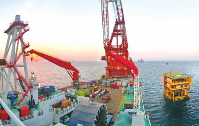 目前,“创力”轮正坚守于沙特ABSF油田项目现场,执行海上石油平台建设任务。在完成MRJN油田两套立管安装及ABSF油田导管架安装后,项目再次实现重大节点突破——顺利完成石油平台组块的精准吊装。此举标志着“创力”轮中东项目首个组块吊装完成。
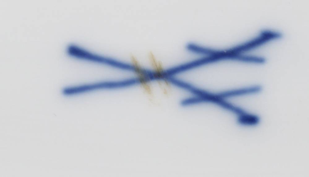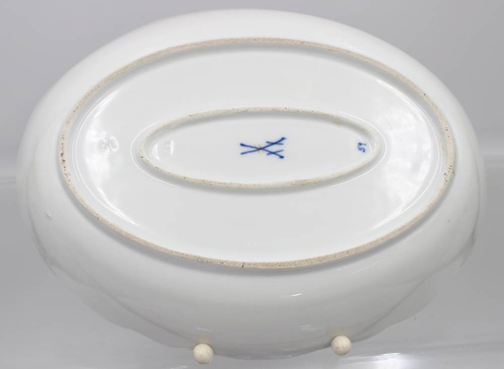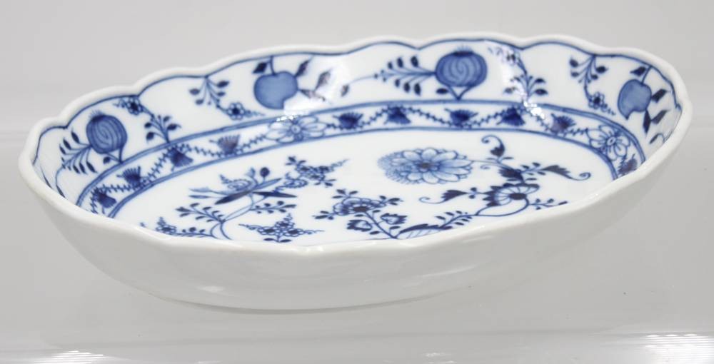 ovale Schale, Meissen, Zwiebelmuster, 2 Schleifstriche, ca. H-4,3cm B-26,8cm [1]
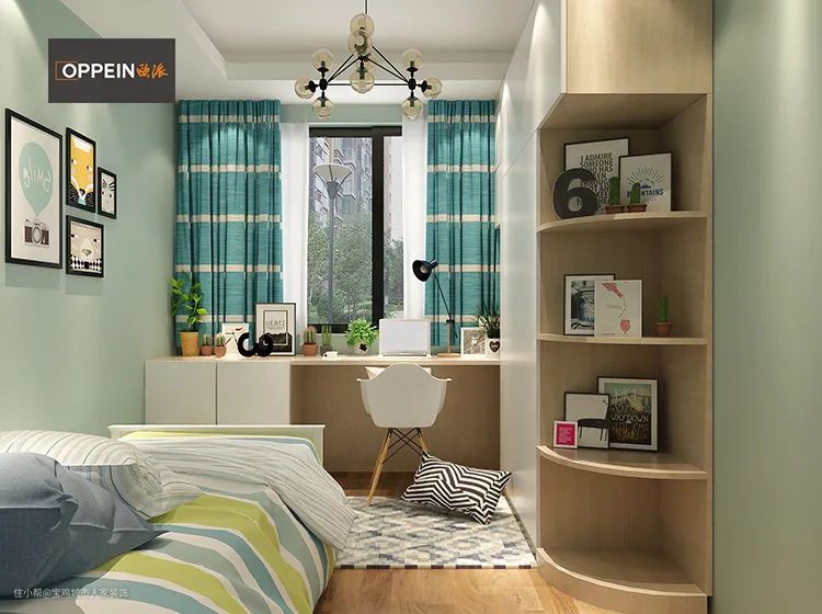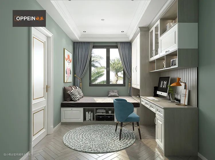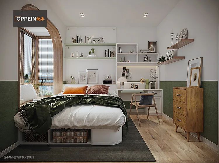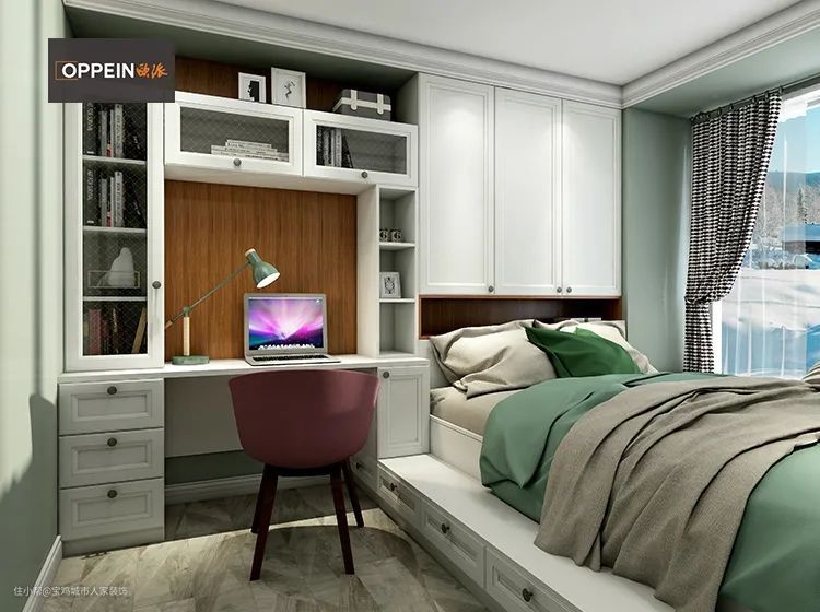 床底带抽屉,底层床上方带开放柜。窗户边定制书柜、书台,书台旁定制平开门衣柜。
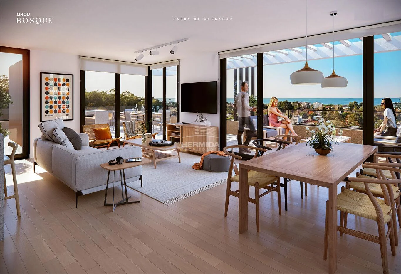 En una ubicación estratégica, a pocas cuadras de la Playa y a pasos del imponente Parque Roosevelt. Un proyecto que ofrece categoría y confort. Con un elevado compromiso con el entorno natural, se construye Grou Bosque. Dos bloques dispuestos en un jardín residencial de 5100 m2, integrados a un diseño moderno, fluido. Dotado de servicios de primer nivel. Barbacoa totalmente equipada - Gimnasio - Co-Work - Piscina - Solarium - Parque verde y paisajismo - Juegos para los mas chicos

» **PROBLEM DETAILS**: Nothing but the lines from the one with "床底带抽屉,底层床上方带开放柜。窗户边定制书柜、书台,书台旁定制平开门衣柜。" through the last line of the material above should appear in the answer, each copied exactly, with no pictures.

» **TASK OUTPUT**:
 床底带抽屉,底层床上方带开放柜。窗户边定制书柜、书台,书台旁定制平开门衣柜。
 En una ubicación estratégica, a pocas cuadras de la Playa y a pasos del imponente Parque Roosevelt. Un proyecto que ofrece categoría y confort. Con un elevado compromiso con el entorno natural, se construye Grou Bosque. Dos bloques dispuestos en un jardín residencial de 5100 m2, integrados a un diseño moderno, fluido. Dotado de servicios de primer nivel. Barbacoa totalmente equipada - Gimnasio - Co-Work - Piscina - Solarium - Parque verde y paisajismo - Juegos para los mas chicos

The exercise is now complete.